Today, Xenon is trading at a valuation that suggests the market is under-rating XEN-1101's potential as a MDD treatment. If the upcoming phase two trial succeeds -- which I believe it likely will -- then Xenon's stock is due for a re-valuation by Mr. Market; the potential for all-time highs is around the corner.
Given these reasons, I would assign Xenon Pharmaceuticals a buy rating, with a conservative price target of $51.
Why This Upcoming MDD Readout Is So Important
Before diving into XEN-1101's chances of success in its upcoming MDD trial, it is worth highlighting why this read-out is so pivotal. If XEN-1101 shows success in treating MDD, then it would also become a much more appealing anti-seizure treatment. Focal onset epilepsy and major depressive disorder are co-morbid conditions , with many linkage points. If XEN-1101 is able to treat both at the same time, then it would position itself as a grand-slam anti-epilepsy medication, greatly improving its sales potential.
XEN-1101 has already shown remarkable efficacy in reducing focal onset seizures among those diagnosed with epilepsy. In a phase 2b trial (X-TOLE) that enrolled over 300 patients , XEN-1101 successfully hit all primary and secondary endpoints with statistical significance among all three dosages.
The median (IQR) percent reduction from baseline in monthly FOS frequency was 52.8% ( P < .001 vs placebo; IQR, ?80.4% to ?16.9%) for 25 mg, 46.4% ( P < .001 vs placebo; IQR, ?76.7% to ?14.0%) for 20 mg, and 33.2% ( P = .04 vs placebo; IQR, ?61.8% to 0.0%) for 10 mg, compared with 18.2% (IQR, ?37.3% to 7.0%) for placebo. XEN1101 was generally well tolerated and TEAEs were similar to those of commonly prescribed ASMs, and no TEAEs leading to death were reported.
Source: Efficacy and Safety of XEN-1101, a Novel Potassium Opener, in Adults With Focal Epilepsy, JAMA .

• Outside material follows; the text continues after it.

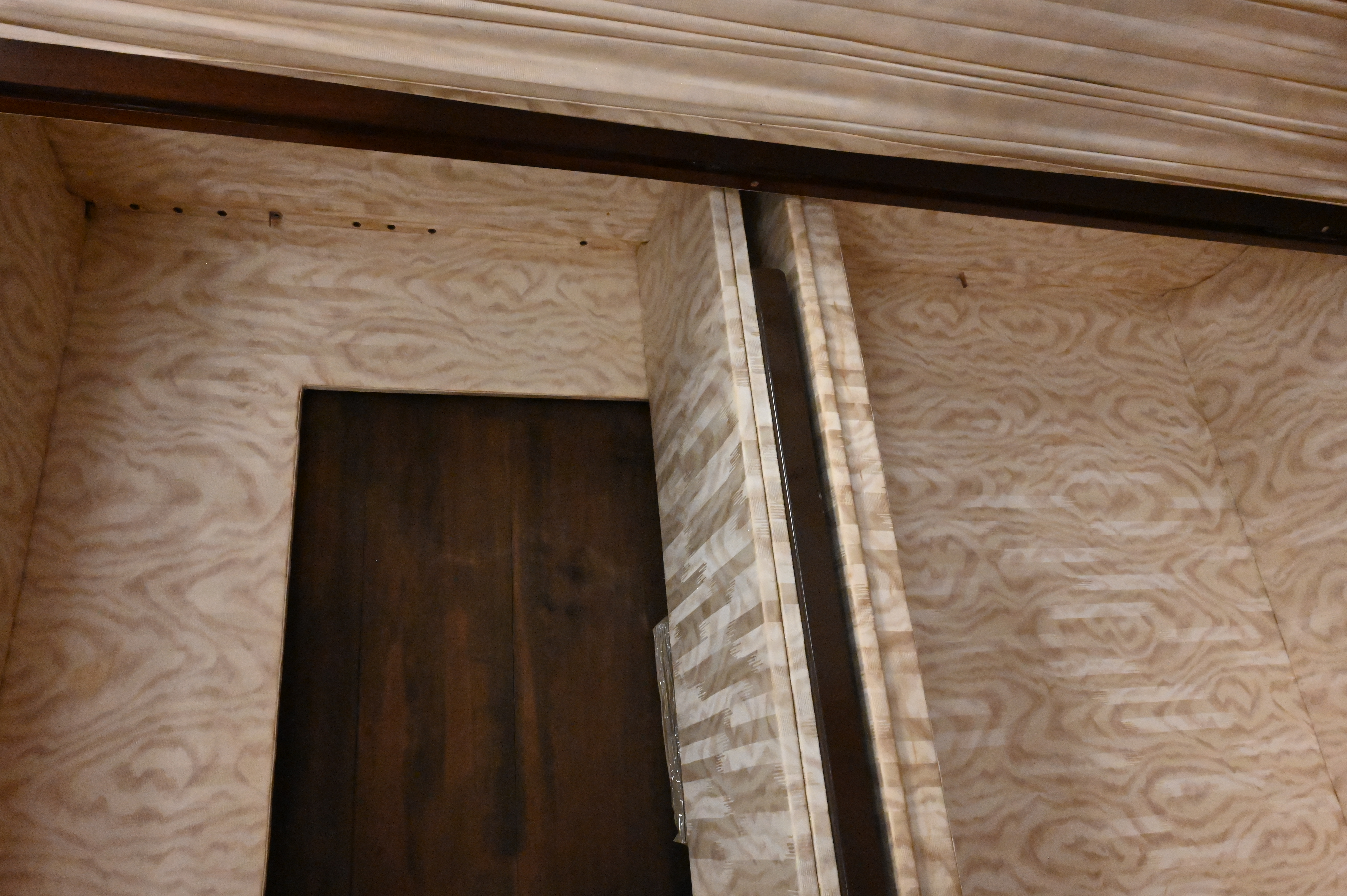 having grill work doors, completely upholstered interior, and upholstered door curtains
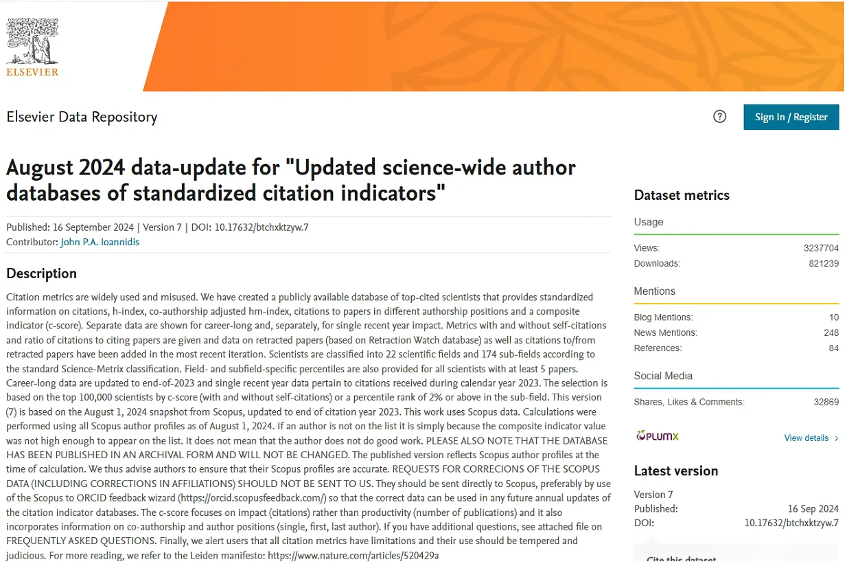 该榜单由美国斯坦福大学与Elsevier旗下Mendeley Data发布,基于Scopus数据库使用六种关键因素的指标进行打分并排序,重点关注学者论文成果的质量、数量及被引用情况。榜单从全球近700万科技工作者中,筛选出世界前2%的顶尖科学家,旨在提供一个评价科学家长期科研表现的衡量指标,以更客观、更真实地反映科学家的影响力。入选该榜单,表明该学者在其研究领域具有较高的世界影响力,并作出重要贡献。

Moreover, the drug was generally well-tolerated with no significant adverse events. Since the study concluded, no retinal or skin issues have been reported, which were adverse events that affected Ezogabine - an older generation KCNQ/Kv7 potassium channel opener.

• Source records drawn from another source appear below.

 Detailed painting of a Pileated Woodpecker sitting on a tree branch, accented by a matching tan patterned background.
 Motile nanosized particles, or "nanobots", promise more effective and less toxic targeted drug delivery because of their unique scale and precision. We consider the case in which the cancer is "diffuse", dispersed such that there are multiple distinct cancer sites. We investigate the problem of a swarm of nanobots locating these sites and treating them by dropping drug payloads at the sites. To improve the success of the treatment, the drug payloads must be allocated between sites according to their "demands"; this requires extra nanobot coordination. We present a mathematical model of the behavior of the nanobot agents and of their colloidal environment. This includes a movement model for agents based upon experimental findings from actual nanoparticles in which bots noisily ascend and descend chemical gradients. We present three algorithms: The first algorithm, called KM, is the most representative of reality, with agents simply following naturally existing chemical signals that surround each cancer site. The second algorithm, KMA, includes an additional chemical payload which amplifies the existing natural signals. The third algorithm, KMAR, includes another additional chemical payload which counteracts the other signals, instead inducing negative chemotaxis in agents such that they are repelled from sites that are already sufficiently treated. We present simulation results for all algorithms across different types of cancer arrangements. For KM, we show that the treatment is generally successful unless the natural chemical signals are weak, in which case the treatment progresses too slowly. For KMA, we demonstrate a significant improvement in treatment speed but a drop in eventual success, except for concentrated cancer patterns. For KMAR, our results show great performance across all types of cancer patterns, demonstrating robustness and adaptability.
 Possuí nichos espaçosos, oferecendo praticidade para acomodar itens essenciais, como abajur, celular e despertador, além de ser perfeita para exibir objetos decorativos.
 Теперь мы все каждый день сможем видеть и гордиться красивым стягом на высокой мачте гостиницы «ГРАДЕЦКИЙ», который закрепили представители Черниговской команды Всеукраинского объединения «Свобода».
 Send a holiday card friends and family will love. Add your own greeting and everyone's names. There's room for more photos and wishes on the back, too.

Worth noting is that, unlike other anti-seizure medications, XEN-1101 requires no titration and can be taken only once a day. The effect is rapid-onset, and the patient pool in the previously mentioned phase 2b trial had tried and stopped a median of six prior anti-seizure medications. Showing success in such a difficult to treat patient sample is no small accomplishment.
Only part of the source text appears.